The study, entitled Wedding Divorced Data Sets: Data Maturity and Governance for Institutional and Retail Asset Managers, found that only half (46 per cent) of senior-level management teams are spending time and money in bringing together various data sets.
A further 23 per cent appreciate the importance of data management, confirming that they are looking to overhaul their current processes and implement some sort of programme in the foreseeable future.
“An assessment of data maturity should consider the quality of each of the individual data sets, including whether the data is fit for internal and external use and whether the firm can extract and combine those data sets across the enterprise,” advised Virginie O’Shea, senior analyst in institutional securities and investments at Aite Group.
“The data management team’s timely ability to respond to business end-user requirements, external reporting requirements, and less latency in the on-boarding of new products and clients is also important and can relate directly to reduced maintenance costs.”

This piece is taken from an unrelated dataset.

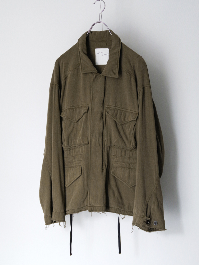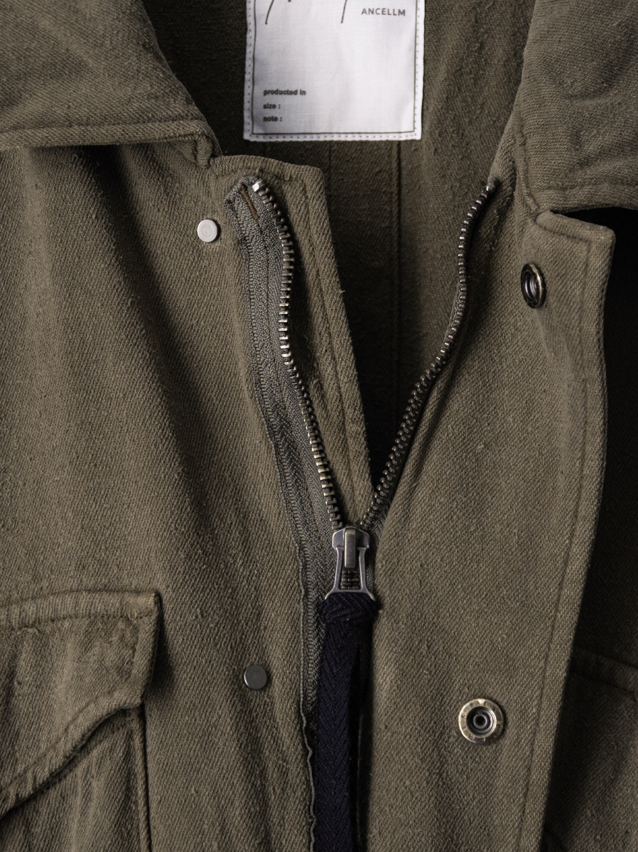 A military-inspired field jacket crafted from 100% silk, using noil silk woven in a denim structure and treated to create a distinctively textured surface.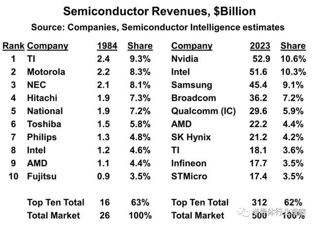 半导体行业的相对稳定性可以从 1984 年和 2023 年十大公司的市场份额看出。1984 年 TI 的份额为 9.3%。到 2023 年,英伟达将拥有约 10.6% 的份额。1984 年前十名公司的市场份额合计为 63%。2023 年这一比例将达到 62% 左右。尽管顶级公司相对稳定,但该行业已从 1984 年的 260 亿美元增长到 2023 年的 5000 亿美元,几乎增长了 20 倍。

Speaking to Investment News, Erik Brynjolfsson, director of the MIT Centre for Digital Business and Professor of Information Technology, commented that more executives need to be involved in this process.
The reason, he explains is relatively self-explanatory – greater integration of data leads to better, more successful outcomes. Data strategy therefore has to be elevated to the boardroom.
However, bosses need to be informed and understand data – they cannot execute decisions based on intuition, Mr Brynjolfsson was keen to add.
“A serious pitfall is when a manager comes to a decision using gut instinct, and then they go and tell the IT department to gather some data to support that decision,” he said. “It ought to be integrated right from the start.”